Laura Flores [Wed, 19 Jun 2024 21:57:45 +0000 (16:57 -0500)]
qa/suites/upgrade/telemetry-upgrade/reef-x: update how cephadm is pulled and change image reference
Update how cephadm is pulled:
`cephadm_git_url` and `cephadm_branch` are used in releases older than reef
to install cephadm. Both of these keys are needed to install it from the github
repo.
However, in reef and on, the compiled zipapp cephadm needs to be pulled differently
than the old single python script `cephadm` from earlier releases.
Laura Flores [Wed, 19 Jun 2024 21:07:31 +0000 (16:07 -0500)]
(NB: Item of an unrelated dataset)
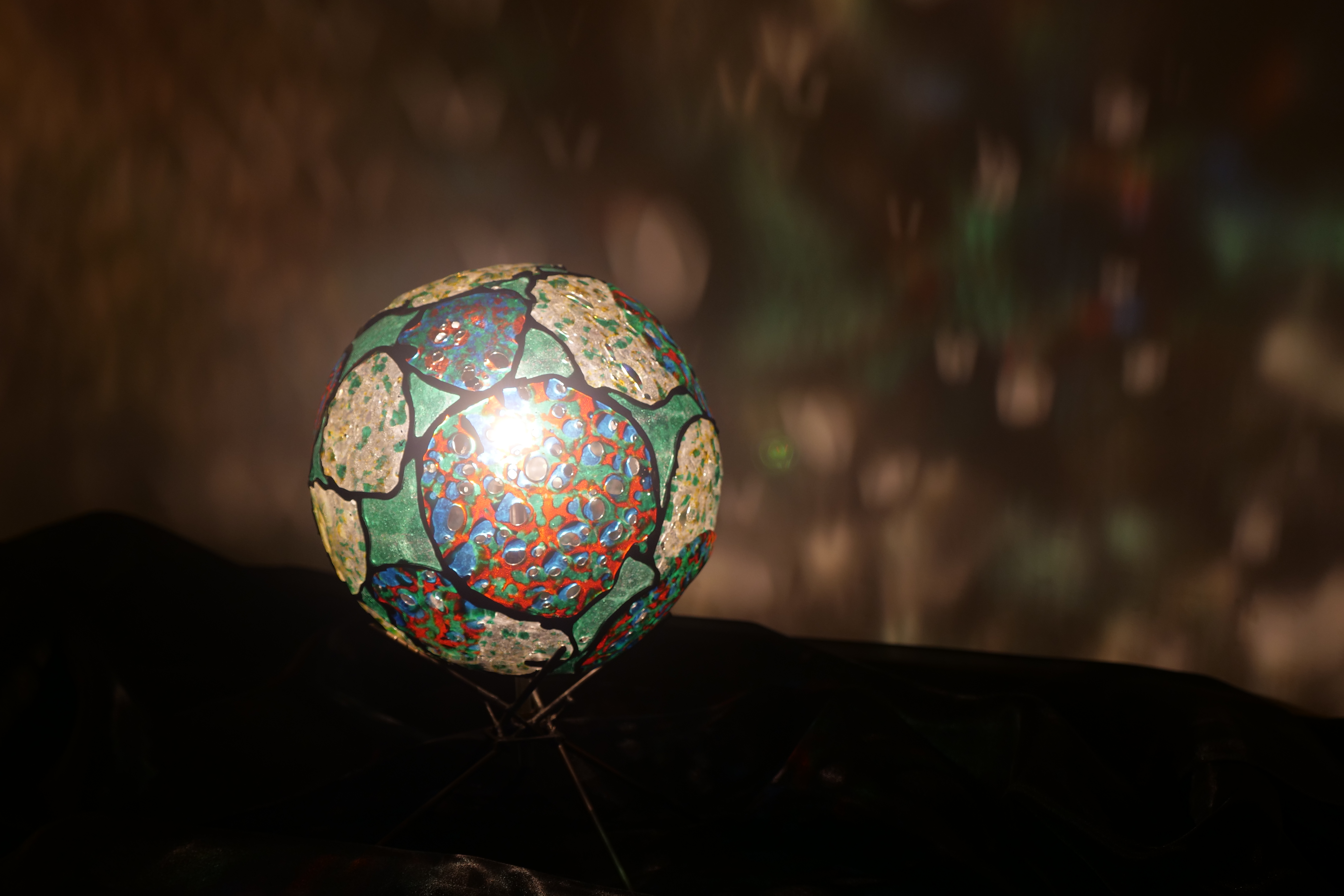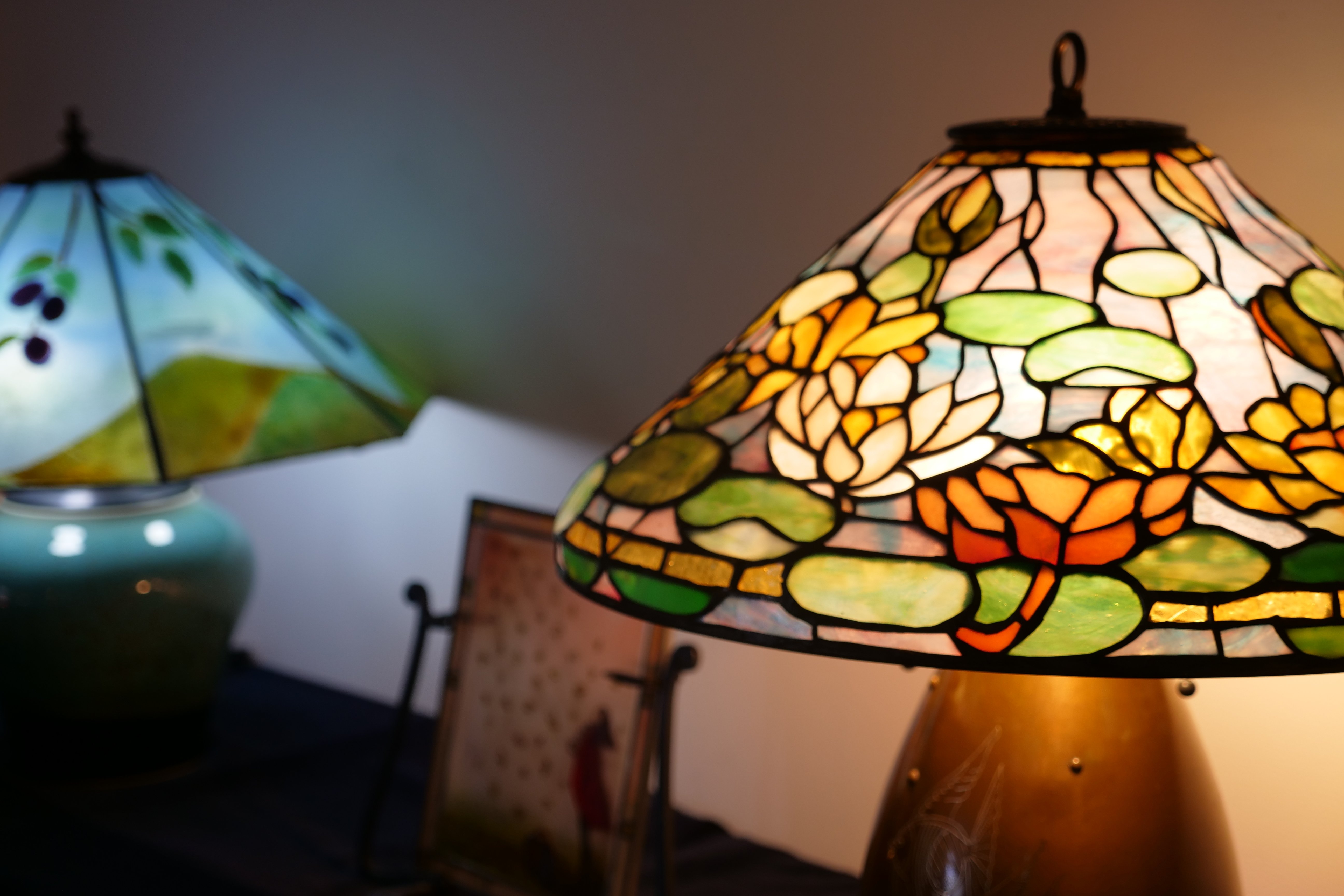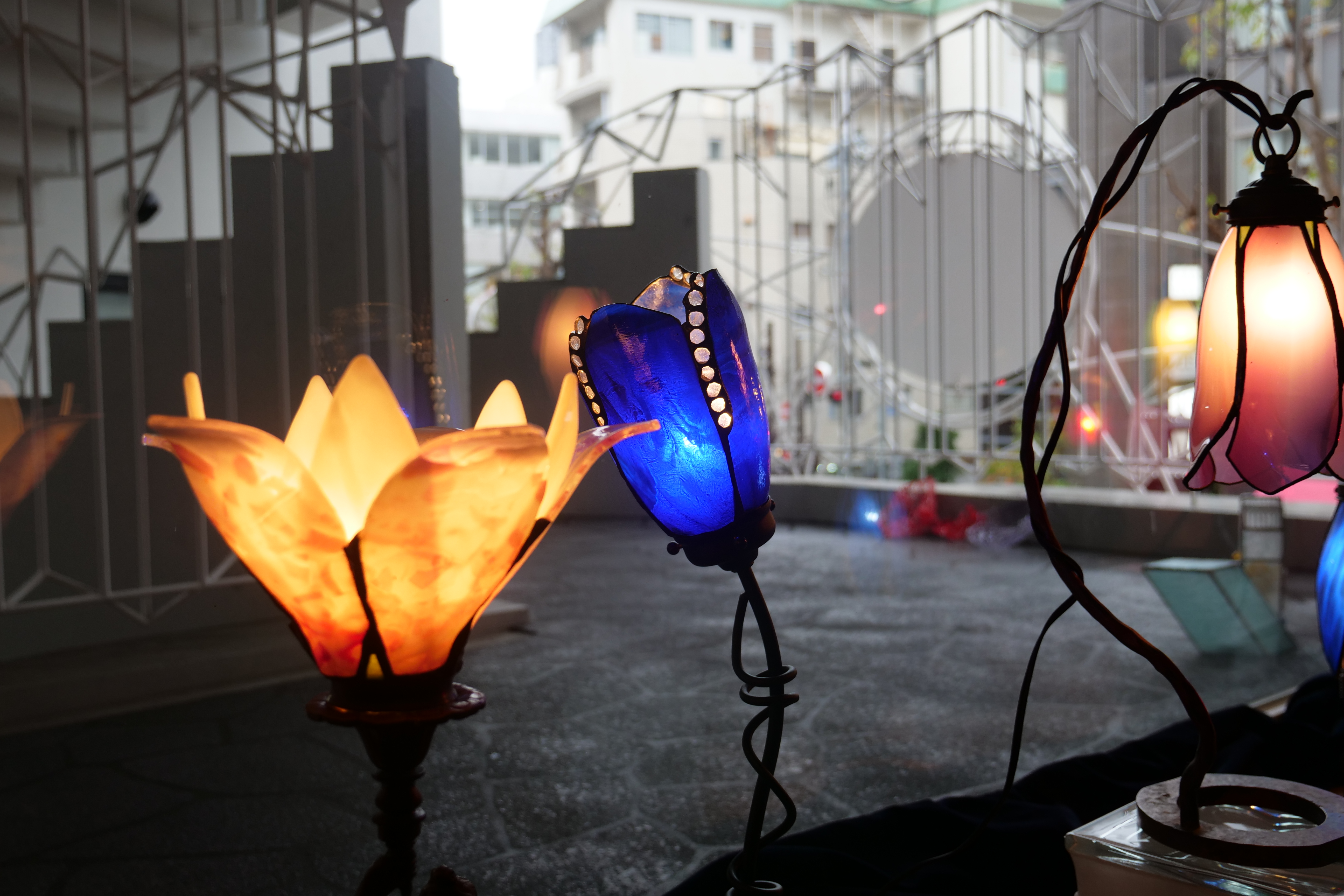 展示室の奥と2階にはステンドグラスを使用した立体作品がたくさん!

qa/suites/upgrade/telemetry-upgrade: add more ignorelist items and require_osd_release=squid
The warnings added to the ignorelist show up in the cluster log, but they are
expected during upgrades and should thus be ignored.
We also need to set require_osd_release=squid to avoid this warning:
```
cluster [WRN] Health check failed: all OSDs are running squid or later but require_osd_release < squid (OSD_UPGRADE_FINISHED)
```
Laura Flores [Tue, 11 Jun 2024 20:10:01 +0000 (15:10 -0500)]
qa/suites/upgrade/telemetry-upgrade: upgrade from reef instead of pacific
With cephadm upgrades, we are only allowed to upgrade from as far back as N-2
releases. On the main branch, that means we can only upgrade from quincy and reef, and
we can no longer upgrade from pacific.
This test was trying to upgrade from pacific, which isn't allowed, which led to an
`UPGRADE_BAD_TARGET_VERSION` cluster error.